Compreendo que a letra é vexatória para a inteligência humana, mas uma certa dose de irracionalidade ajuda-nos a continuar a ser racionais no fundamental. Como este movimento irracional que me leva ao cais para ver se chega a lancha de Myrna, um pouco angustiado porque só faltam dois barcos regulares e, ao chegar mais tarde, Myrna teria de procurar um barqueiro simpático que estivesse disposto a levá-la às ilhas.

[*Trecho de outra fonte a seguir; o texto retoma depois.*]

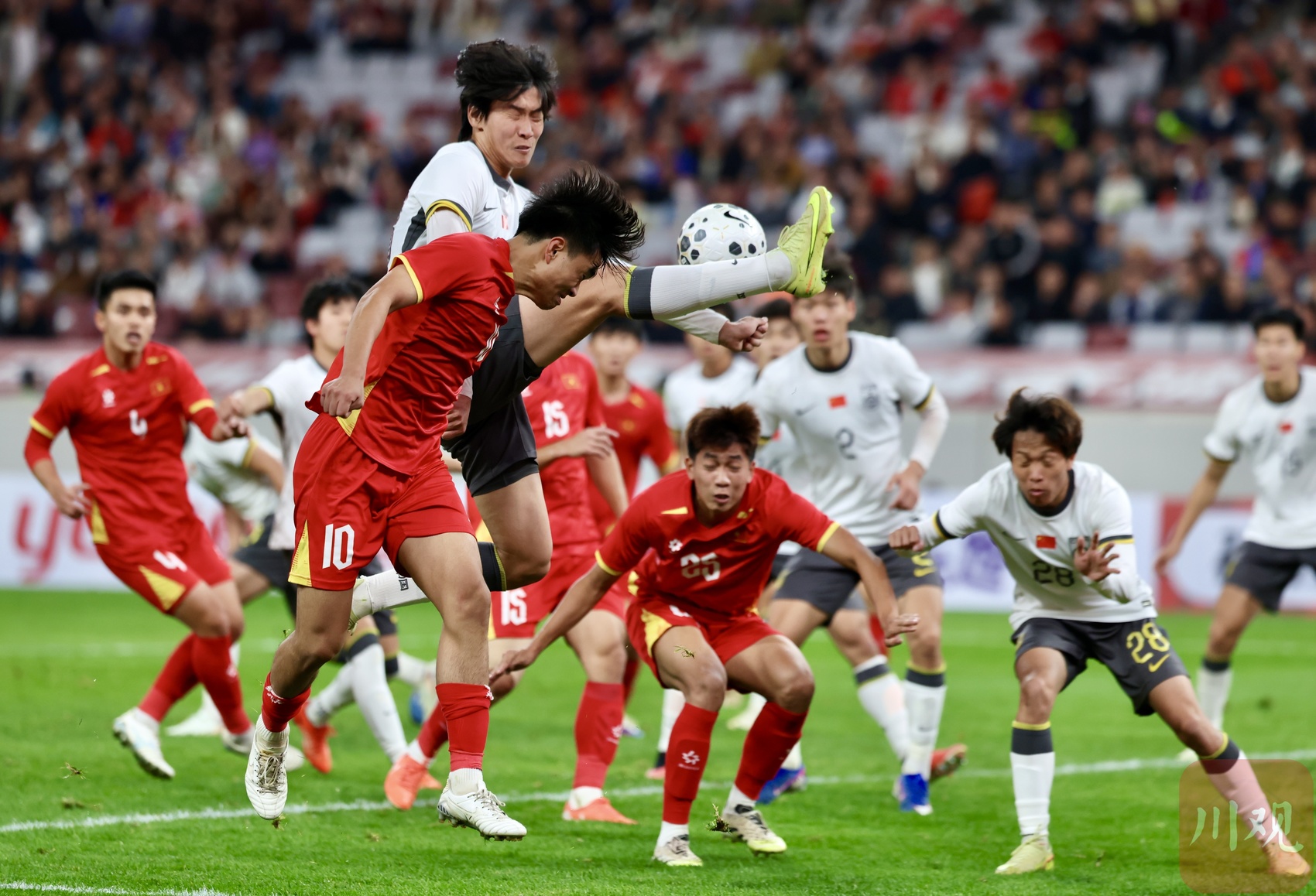 中国U23男足和越南U23男足在禁区争抢头球。

E rompe o mar, como se o iluminasse, a lancha que a traz, tenho a certeza, e confirma-o o brilho da sua cabeça dourada por um excelente tom que evoca a cor natural da sua bem acabada juventude, ainda que o meu prazer pela chegada se dissipe ao vê-la acompanhada por dois colegas que se vão, não pelo melhor, insinuando: o chato do Figueiro Amaral e o insuportável Aurelio Estremoz Garcia, para servir a Deus e a si como costuma repetir uma e outra vez, pensando que é engraçadinho ou ateu, na sua imperfeição». In Manuel Vázquez Montalbán, Erec e Enide, 2002, Difel, Algés, 2003, ISBN 972-29-0651-8.